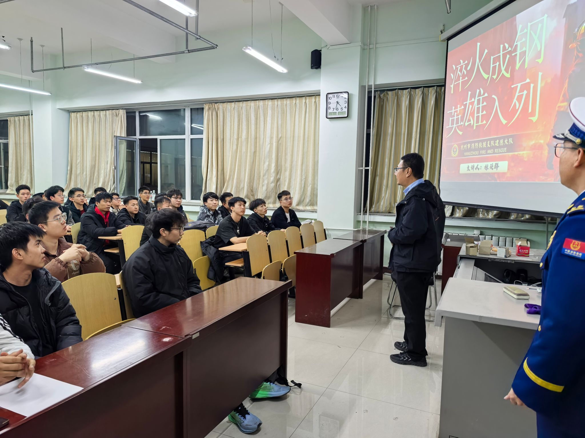 2025年11月7日晚19:30,杭州市消防救援支队建德大队“淬火成钢 英雄入列”招录宣讲会在逸夫楼F401教室开讲,众多大四同学积极参与。
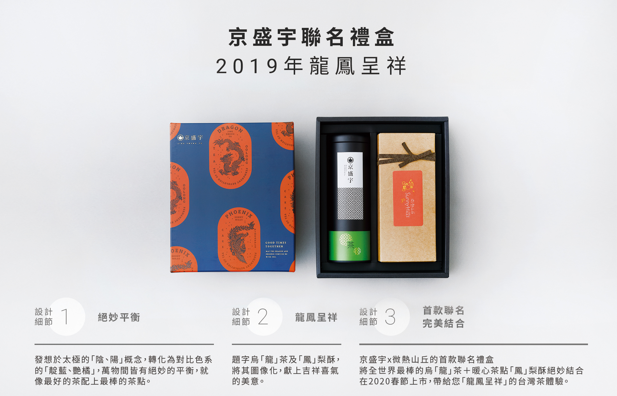於是我們以台灣人日常生活中,最樸實暖心的烏「龍」茶與「鳳」梨酥為靈感,各取茶與茶點的其中一字設計「龍鳳呈祥」禮盒,期盼象徵吉祥如意的龍鳳,能夠為每一個收到禮物的賓客,增添更多的幸福平安、好運連連!
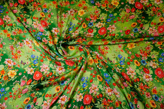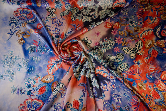 Seidensatin mit kunstvollem Blumen- & Schmetterlingsdesign

_____

Copy out the material above in full and exactly, but with no pictures.

[Response to this task]:
 2025年11月7日晚19:30,杭州市消防救援支队建德大队“淬火成钢 英雄入列”招录宣讲会在逸夫楼F401教室开讲,众多大四同学积极参与。
於是我們以台灣人日常生活中,最樸實暖心的烏「龍」茶與「鳳」梨酥為靈感,各取茶與茶點的其中一字設計「龍鳳呈祥」禮盒,期盼象徵吉祥如意的龍鳳,能夠為每一個收到禮物的賓客,增添更多的幸福平安、好運連連!
 Seidensatin mit kunstvollem Blumen- & Schmetterlingsdesign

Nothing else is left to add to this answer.